• [What you are asked to do]: A full, word-for-word copy of the listing below is needed; leave the images out of it.

• [Collected data]:
★ ★ ★ ★ ★

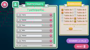 L'application sélectionne aléatoirement chacun des élèves pour répondre à des calculs.
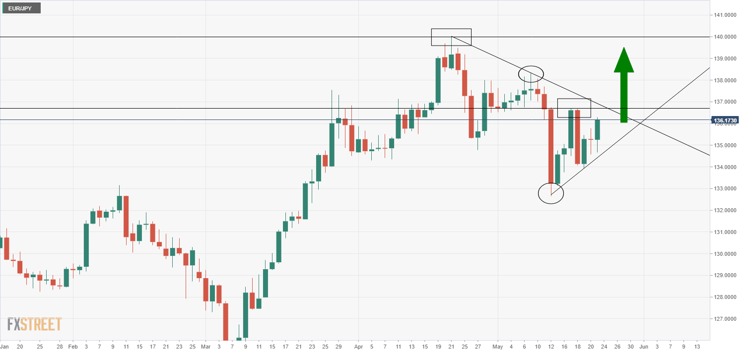 - EUR/JPY is above 136.00 and eyeing last week’s highs following hawkish ECB commentary.
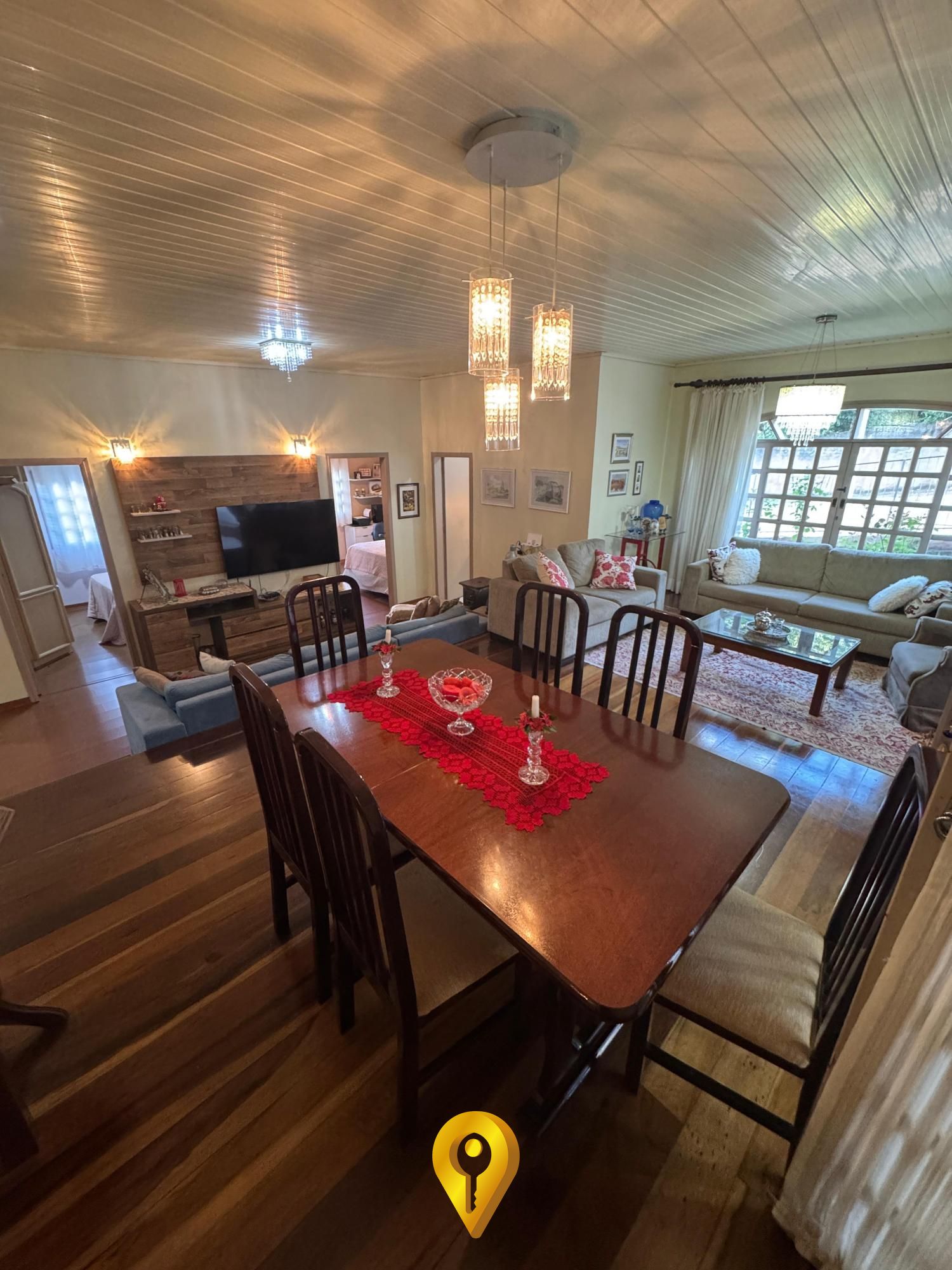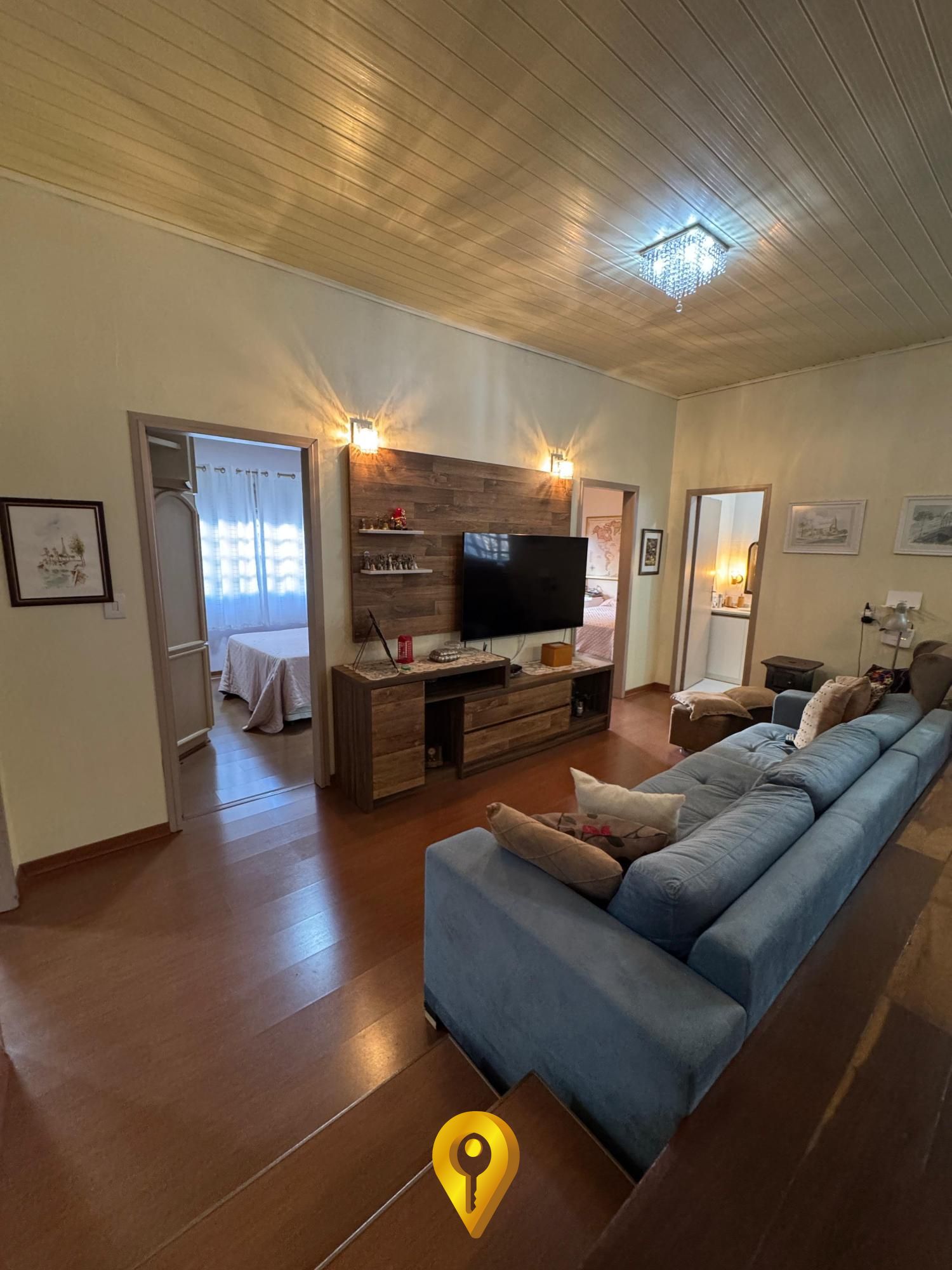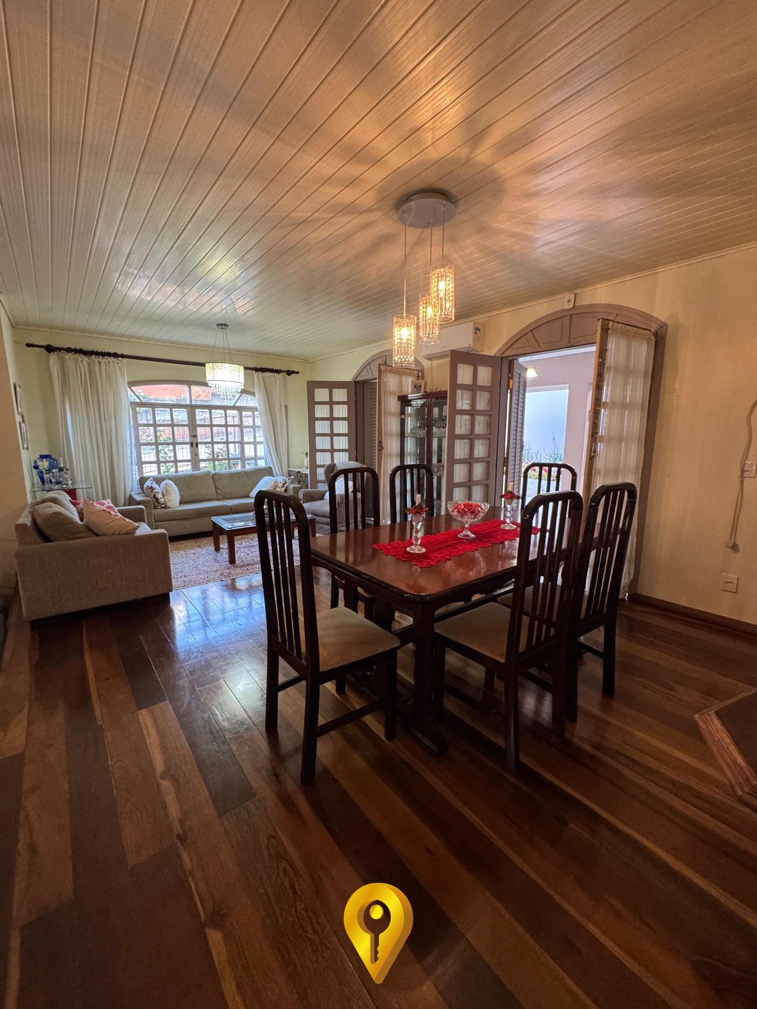 Piso de imbuia na sala, que agrega elegância e aconchego ao ambiente;

★ ★ ★ ★ ★

• [Task output]:
 L'application sélectionne aléatoirement chacun des élèves pour répondre à des calculs.
 - EUR/JPY is above 136.00 and eyeing last week’s highs following hawkish ECB commentary.
 Piso de imbuia na sala, que agrega elegância e aconchego ao ambiente;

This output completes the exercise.